(Data section Opens)
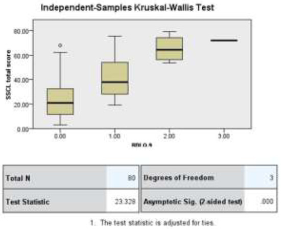 Table 1 provides further support for the findings presented in Figure 1 and an explanation of the summary statistics of the participants’ (N = 80) scores on the SSCL and the BDI item 9. The latter scores that ranged from 0 to 3 were compared to the SSCL total and sub-category scores (physical, psychological and behavioral stress-related symptoms), indicating significant differences and that over one third (31; 38.8%) of the participants were so highly stressed that they felt suicidal.
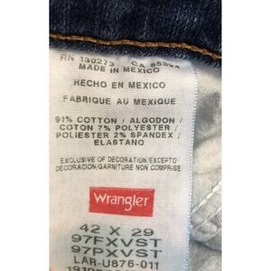 Wrangler Mens Jeans Dark Wash Straight Leg Size 42x29 Cotton Blend Workwear
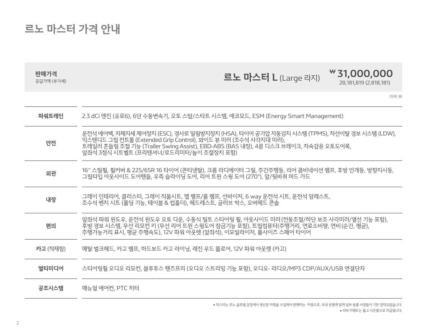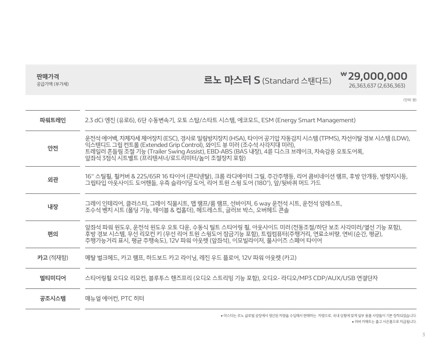 2019년 9월 르노마스터밴 & 마스터버스 신차가격표
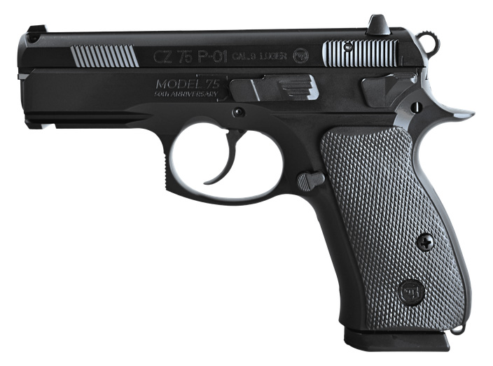 Built for duty use with an alloy frame decocker and accessory rail the CZ P?01 offers rugged reliability with a DA/SA trigger. This year’s 50th Anniversary model features commemorative frame engraving celebrating 50 years of the CZ 75 lineage. – Caliber 9 × 19 – Magazine capacity 15+1 – SKU 91297 – Safety features Decocker Safety notch on the hammer Firing pin block – Grips Rubber – Frame material 7075 T6 aluminum alloy – Trigger reset 0.3 in – Trigger travel SA: 0.4 DA: 0.6 in – Trigger pull SA: 4.5 DA: 10.3 lbs – Trigger type SA/DA – Thread No – Sights Fixed – Barrel length 3.75 in – Height 5.0 in – Width 1.4 in – Length 7.25 in – Weight with empty magazine 28.1 oz
(Data section Closes)
● Goal of the exercise:
Your reply should be the full data above, copied exactly, with no pictures in it.

● Written solution:
 Table 1 provides further support for the findings presented in Figure 1 and an explanation of the summary statistics of the participants’ (N = 80) scores on the SSCL and the BDI item 9. The latter scores that ranged from 0 to 3 were compared to the SSCL total and sub-category scores (physical, psychological and behavioral stress-related symptoms), indicating significant differences and that over one third (31; 38.8%) of the participants were so highly stressed that they felt suicidal.
 Wrangler Mens Jeans Dark Wash Straight Leg Size 42x29 Cotton Blend Workwear
 2019년 9월 르노마스터밴 & 마스터버스 신차가격표
 Built for duty use with an alloy frame decocker and accessory rail the CZ P?01 offers rugged reliability with a DA/SA trigger. This year’s 50th Anniversary model features commemorative frame engraving celebrating 50 years of the CZ 75 lineage. – Caliber 9 × 19 – Magazine capacity 15+1 – SKU 91297 – Safety features Decocker Safety notch on the hammer Firing pin block – Grips Rubber – Frame material 7075 T6 aluminum alloy – Trigger reset 0.3 in – Trigger travel SA: 0.4 DA: 0.6 in – Trigger pull SA: 4.5 DA: 10.3 lbs – Trigger type SA/DA – Thread No – Sights Fixed – Barrel length 3.75 in – Height 5.0 in – Width 1.4 in – Length 7.25 in – Weight with empty magazine 28.1 oz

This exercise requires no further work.